Могу ли я так поступить? А как иначе? Сдать раненых врагу? На пытки? Как иначе —
отвечайте же мне!
…И не останется на свете никого, кто мог бы рассказать, как погиб батальон
панфиловцев, первый батальон Талгарского полка.
И когда-нибудь после войны будет найдено, может быть, в немецких военных архивах
донесение, где прочтут, сколько врагов перебил окруженный советский батальон. Тогда,
может быть, узнают, как дрались и умирали мы в безыменном подмосковном лесу… А может
быть, и не узнают.
Тянулись ночные часы, ночные думы.
Брудный не возвращался. Бозжанов не возвращался.
Я верхом выезжал на опушку, к линии работ. Бойцы рыли и рыли, уходя в грунт по
пояс, по плечи и глубже. Некоторые совсем скрылись; из черных проемов лишь взлетали
лопаты, выбрасывая землю.
Месяц то ясно светил, то затуманивался. Мороз отпустил, небо заволакивалось.
Я посматривал в темную даль, откуда мог появиться Брудный. Хотелось вновь дать
орудийный залп по Новлянскому, по Новошурину. Мы не спим, так не дадим и вам спать! Но
следовало беречь снаряды: они нужны, чтобы держать дорогу, нужны, чтобы встретить, когда
придет час, картечью атакующие цепи.
Ночь казалась долгой-долгой. С опушки я направлял Лысанку назад в штаб. Добрая
лошадь медленно переступала меж деревьев. Я не подгонял ее. К чему?
В штабе томился, думал.
Приблизительно в час ночи загудел телефон.
— Товарищ комбат, вас, — сказал телефонист.
Звонил Муратов.

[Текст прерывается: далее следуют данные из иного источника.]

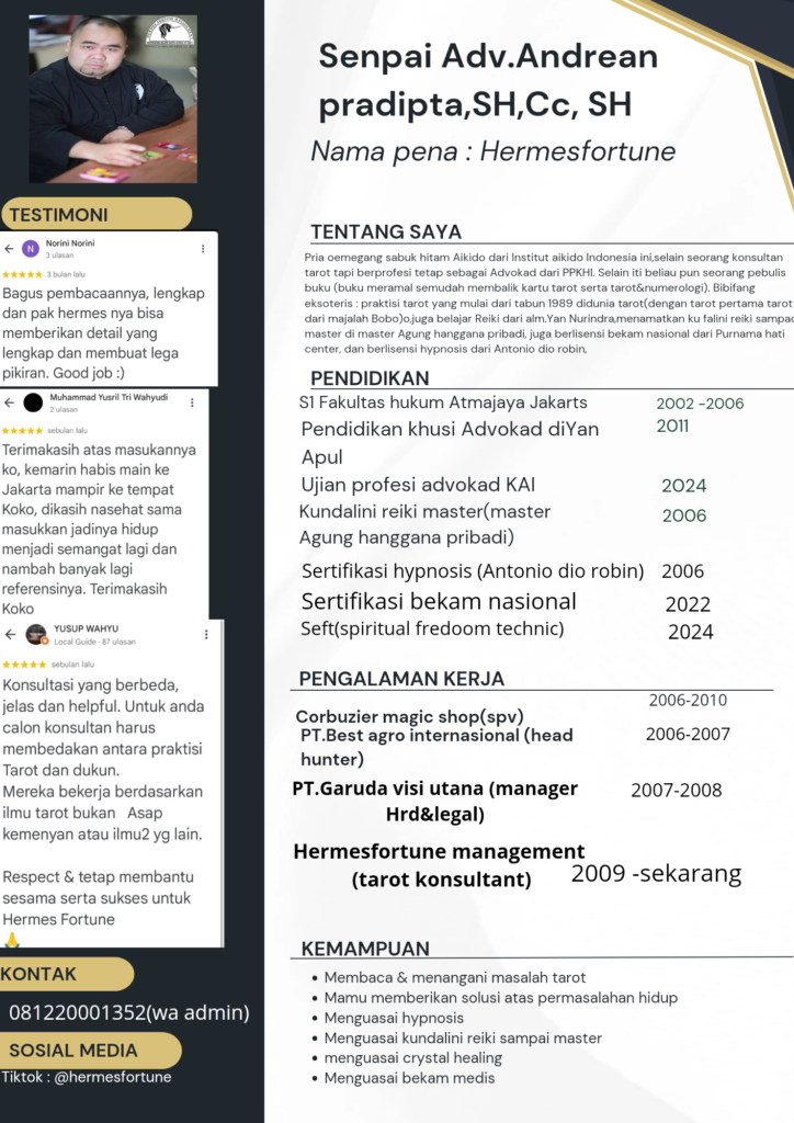 Untuk memberikan pelayanan terbaik bagi klien,selain ilmu tarot yang sudah digeluti sejak tahun 1989,Hermesfortune juga mengambil sertifikasi conselor untuk dapat memberikan solusi terbaik dan lebih memahami klien dari sudut oandang psikilogi. Hermesfortune lulus sertifikasi conselor dengan gelar Ccp(certified conselor profesional)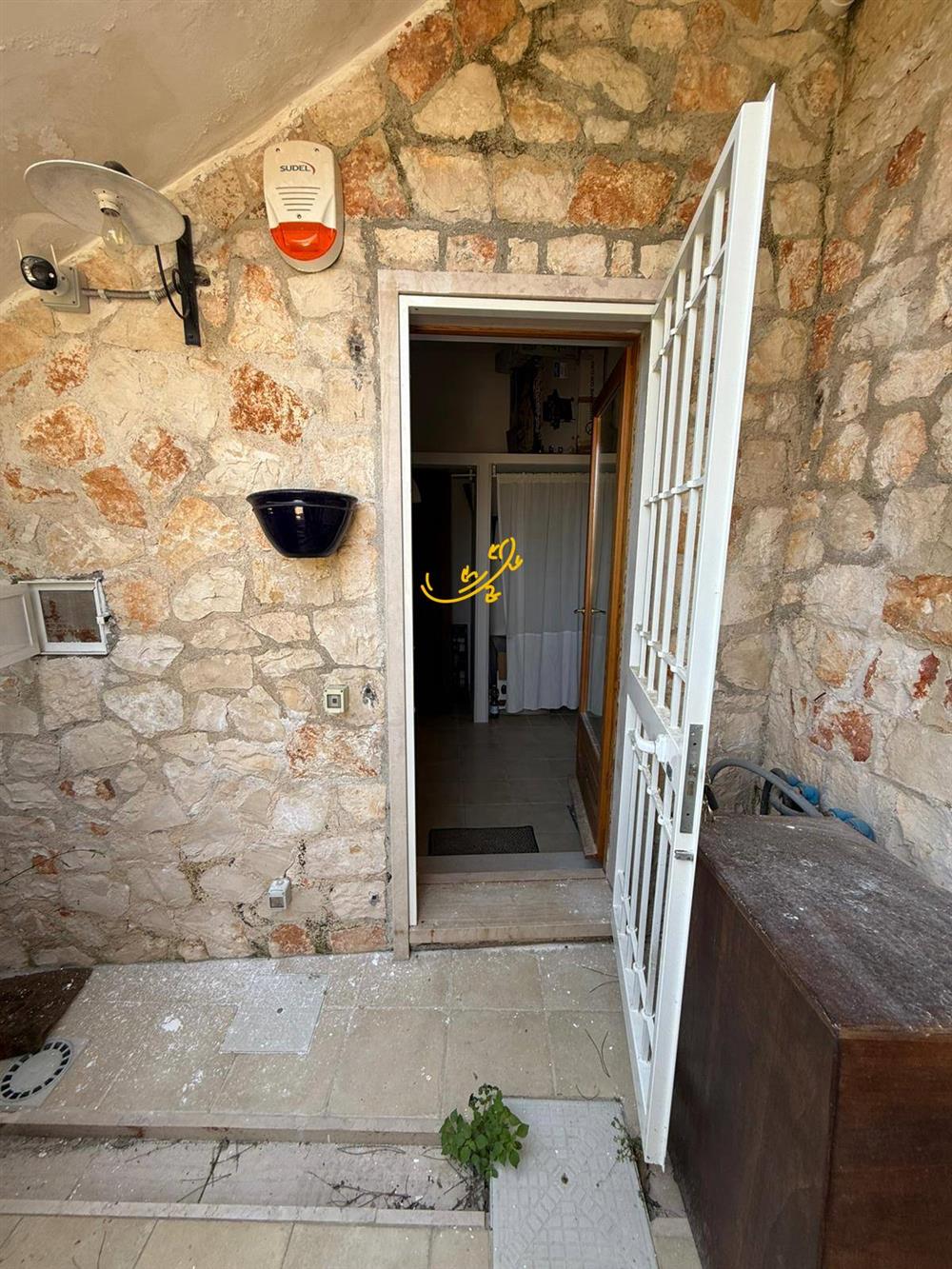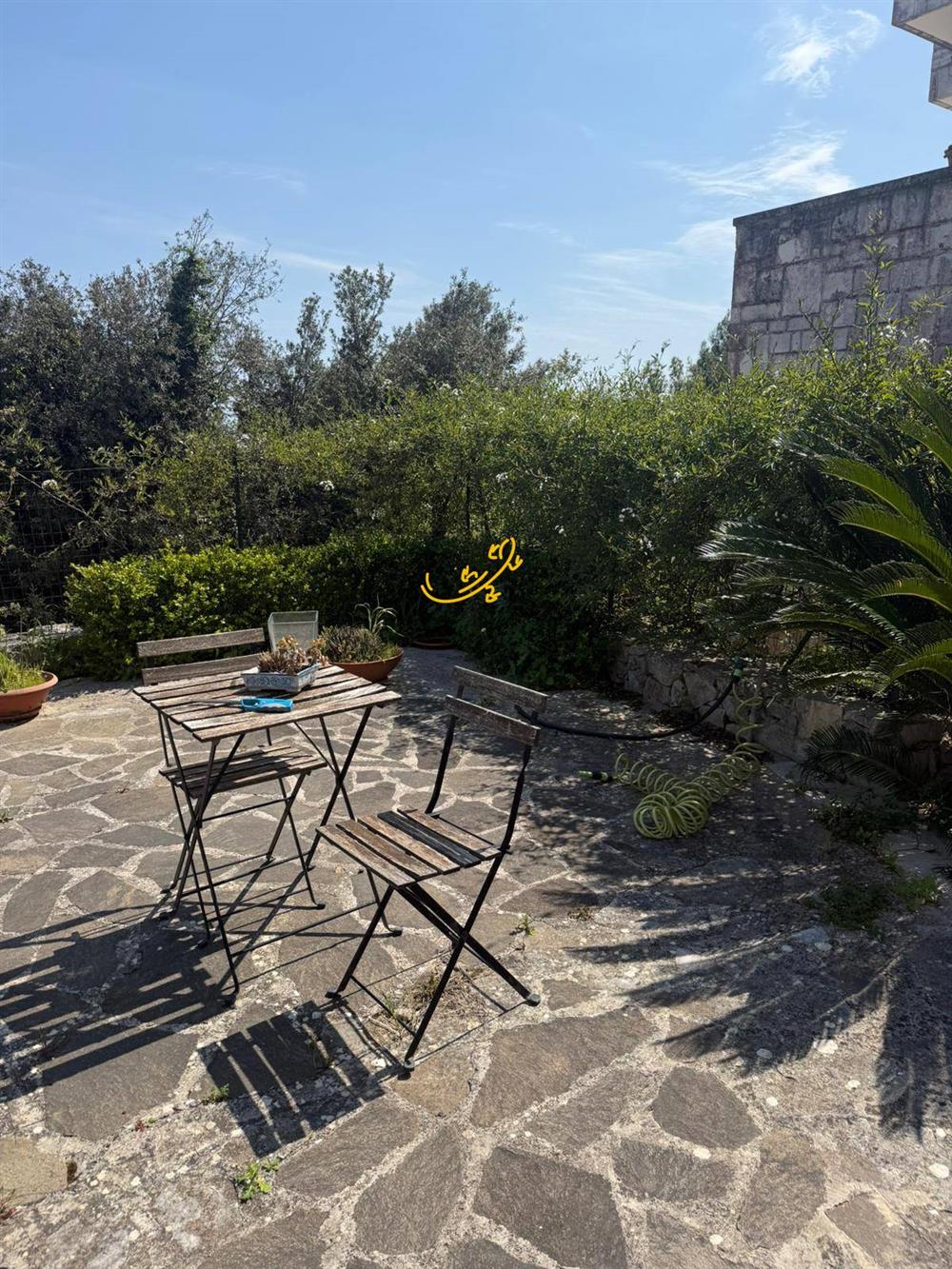Al piano inferiore troviamo un’unità indipendente, attualmente accatastata come deposito dove è stata ricavata una tavernetta con due bagni ed un camino. La proprietà dispone inoltre di giardino pavimentato dove è possibile parcheggiare automobili. Una soluzione interessante per chi è alla ricerca di una casa con vista mare e spazi generosi.

Бозжанов отрядил его, своего скорохода, сообщить мне, что его отряд
подходит, выводя снаряды и пушки.
Лысанка была под седлом. Я поспешил навстречу. Четыреста снарядов, ого! Теперь
можно трахнуть по Новлянскому, по Новошурину. Сейчас заголосите, выскочите из тепла,
«господа победители»! Мы не спим и вам не дадим спать!